Senior Health 101: A Guide to Bathroom Safety Proofing
Our bodies become frailer by the year, and our equilibrium on slick, hard surfaces is unsteady. With that being said, seniors need a safe restroom.
Today, we’ll take you through the bathroom, feature by feature, highlighting common issues and solutions for making changes so that elders can use the restroom securely and independently. Read on to discover this guide to bathroom safety proofing for seniors.
Safety Proofing the Toilet
The phrase "ADA-compliant" refers to compliance with the Americans with Disabilities Act of 1990. Since the enactment of this law, all residential properties have been required to be accessible. ADA-compliant toilets range in height from 17 to 19 inches.
If an elderly person is unable to use or exit the toilet, they may become trapped or fall to the ground. The elderly should also not move using toilet paper holders or towel racks.
Caregivers can use a toilet with a raised seat or a toilet with a higher seat. Seniors should have access to hold bars or counters to help them stand after using the restroom.
Safety Proofing the Bathtub
Seniors who want to bathe in a tub should have fall prevention equipment installed. Suggestions for equipment include tub grab bars, transfer-friendly tub ledge rails, anti-slip matting, accessible soap dispensers, strategic towel placement, bath benches, and fall alert devices.
Safety Proofing the Shower
Showers are safer than tubs because the thresholds are lower, allowing seniors to avoid elevating their legs or tripping over ledges. Here are some shower safety guidelines for the elderly.

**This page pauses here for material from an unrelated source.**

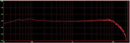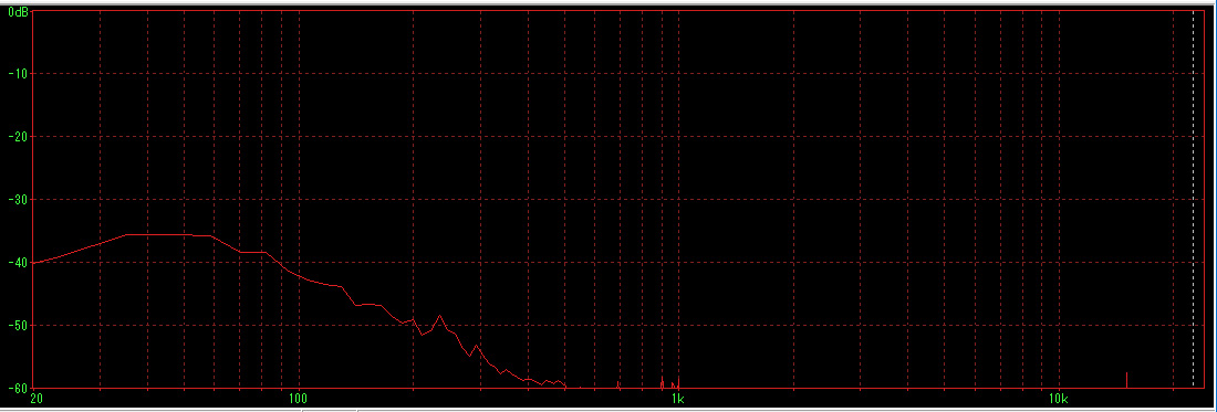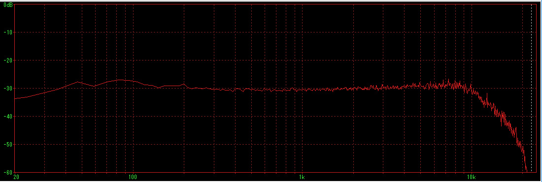 10kHzより先が激落ちしている(笑)。もう少し伸びているかと思ったが、こんなものかもしれない。 低音が強調されているように思ったが、20〜10kHzまでは意外とフラットで優秀である。逆に100Hz以下が20Hzまでさほど落ちていないのはスゴイ。 次に、システムノイズの測定。 |

For the shower, stools, chairs with back supports, adjustable height, suction-cupped feet, armrests, bariatric seats, and other similar items should also be considered. When selecting a shower chair, keep your needs and ideal weight in mind.
Safety Proofing the Bathroom Floor
On the bathroom floor, there should be no lips, bumps, thresholds, throw rugs, or clutter. While refurbishing, non-slip tiles and vinyl flooring keep elders from slipping and falling.
If seniors are exposed to colors or shapes that interfere with their capacity to detect depth, they may develop vertigo.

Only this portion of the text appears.